Author Of 1 Presentation
P0329 - Effects of adrenocorticotropic hormone on melanocortin receptors, regulatory immune cells, and MRI in MS (ID 1915)
Abstract
Background
Background: Adrenocorticotropic hormone (ACTH) is an alternative to corticosteroid therapy to treat relapses in Multiple Sclerosis. ACTH stimulate low levels of corticosteroid release from the adrenal glands, but it also works through the melanocortin system to induce anti-inflammatory, neuroprotective, osteoprotective, and analgesic effects specific to ACTH by binding to melanocortin receptors (MCR). Although cortisol and cortisol receptor levels have been examined extensively in MS, ACTH effects on MCR expression and on regulatory immune cells have not been examined, particularly in patients undergoing MRI-confirmed MS relapses.
Objectives
Objectives: To elucidate if ACTHAR administration causes changes in MRI scans, modifies expression of MCR acutely and long-term in MS, or changes regulatory subsets, acutely or long-term.
Methods
Methods: Six MS patients with acute clinical exacerbations and active contrast-enhancing lesions were given a 10-day course of subcutaneous ACTHAR (80 units/day). Blood was drawn from patients at baseline, 10 days, and 1, 3, 6, and 12 months post ACTHAR injections.
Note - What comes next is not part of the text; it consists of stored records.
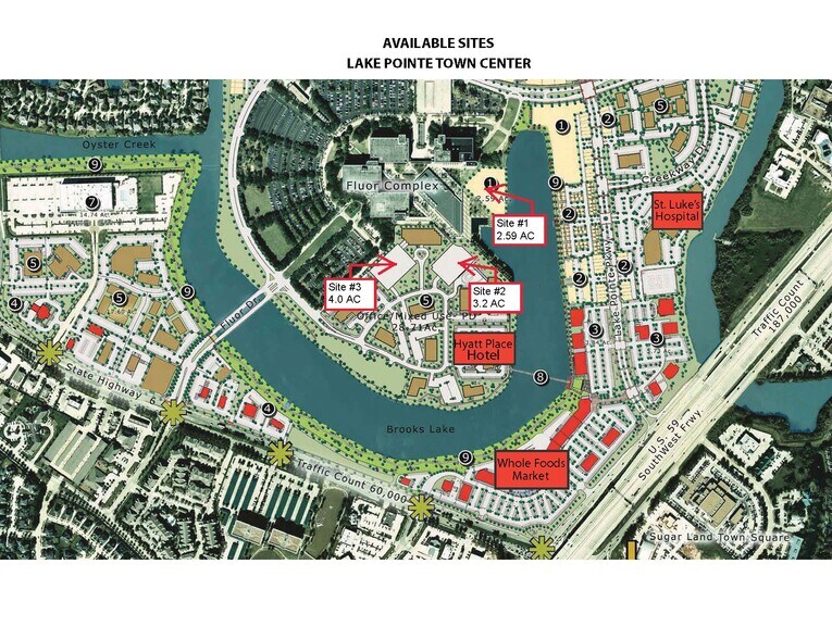 The property is bordered by Brooks Lake, offering attractive water views and the potential for premium site design. Regional access is unmatched, with immediate frontage along US-59, which carries roughly 180,000 vehicles per day, and direct proximity to State Highway 6. The parcel benefits from existing high-density residential clusters, strong daytime employment drivers, and well-developed internal roadways already connecting the district.
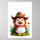 Um pato de desenho animado vestindo um chapéu e rodeando com flores. O pato está sorrindo e parece feliz. Esta é uma arte gerada por IA.
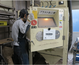 小ロットに適した手動のブラスト機と、省力化と品質の安定のための自動化を実現したブラスト機で表面処理加工を行います。また複数の材質や表現に対応できるようにアルミナ、ガラスビーズ等のメディアを準備しています。
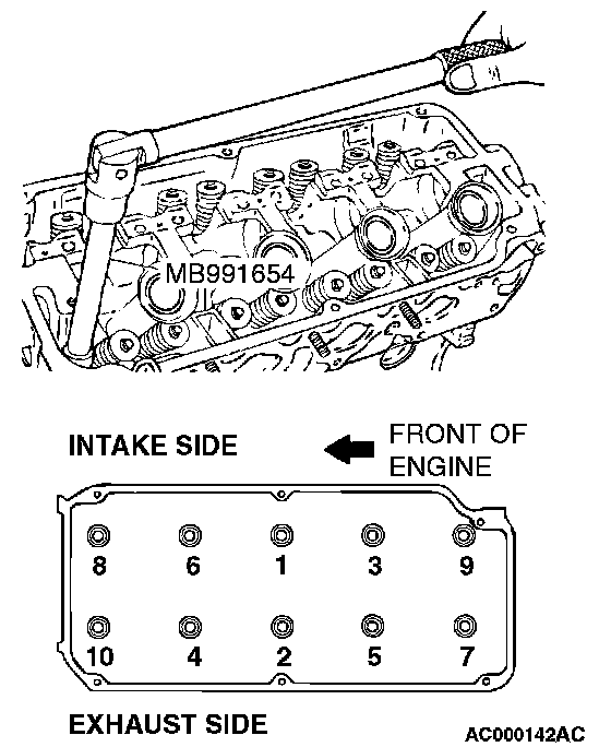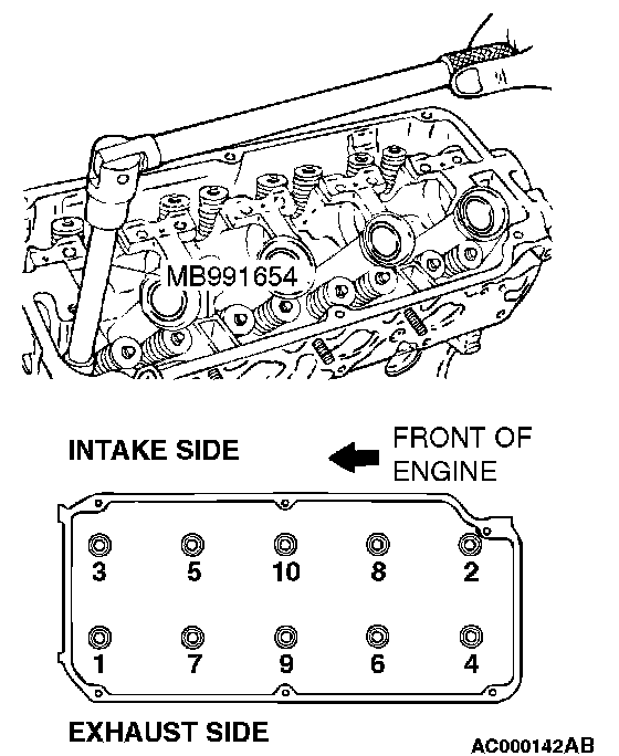 Using special tool MB991654, loosen the bolts in two or three steps in the order of the numbers shown in the illustration, then remove the cylinder head assembly.

MRIs were performed at baseline and months 3, 6, and 12. Mononuclear cells (MNCs) were isolated from the blood using Lympholyte FICOL gradient separation and frozen. MNC were stained for MCRs 1,3, and 5 with newly-developed assays, and for CD8+CD28- and CD4+FOXP3+ regulatory T cells (Tregs) for flow cytometry with a Fortessa 4-15 analyzer.
Results
Results: MCRs, 3>1>5 (%) and 1>3>5 (expression) on MNC at baseline, were highly variable after depot ACTH. CD8 Tregs as % of lymphocytes did not change acutely or long-term. However, CD8+CD28+ cytolytic cells (CTL) decreased at 1 month (8.15%) compared to baseline (14.6%; p=0.046, paired t-test, n = 5). 3/6 patients also had a new T2 and/or contrast-enhancing MRI lesions at month 1.
Conclusions
Conclusions: ACTHAR may decrease potentially MS-toxic CD8 CTLs at 1 month post-administration, due to direct effects or to induction of corticosteroids. There were no clear changes in MCRs and T regulatory populations. A 10-day course of ACTHAR was not enough to completely suppress MRI activity in some of patients at month 1. A longer duration of ACTHAR treatment is probably required for further suppression of MRI activity and greater control of immune cell activity.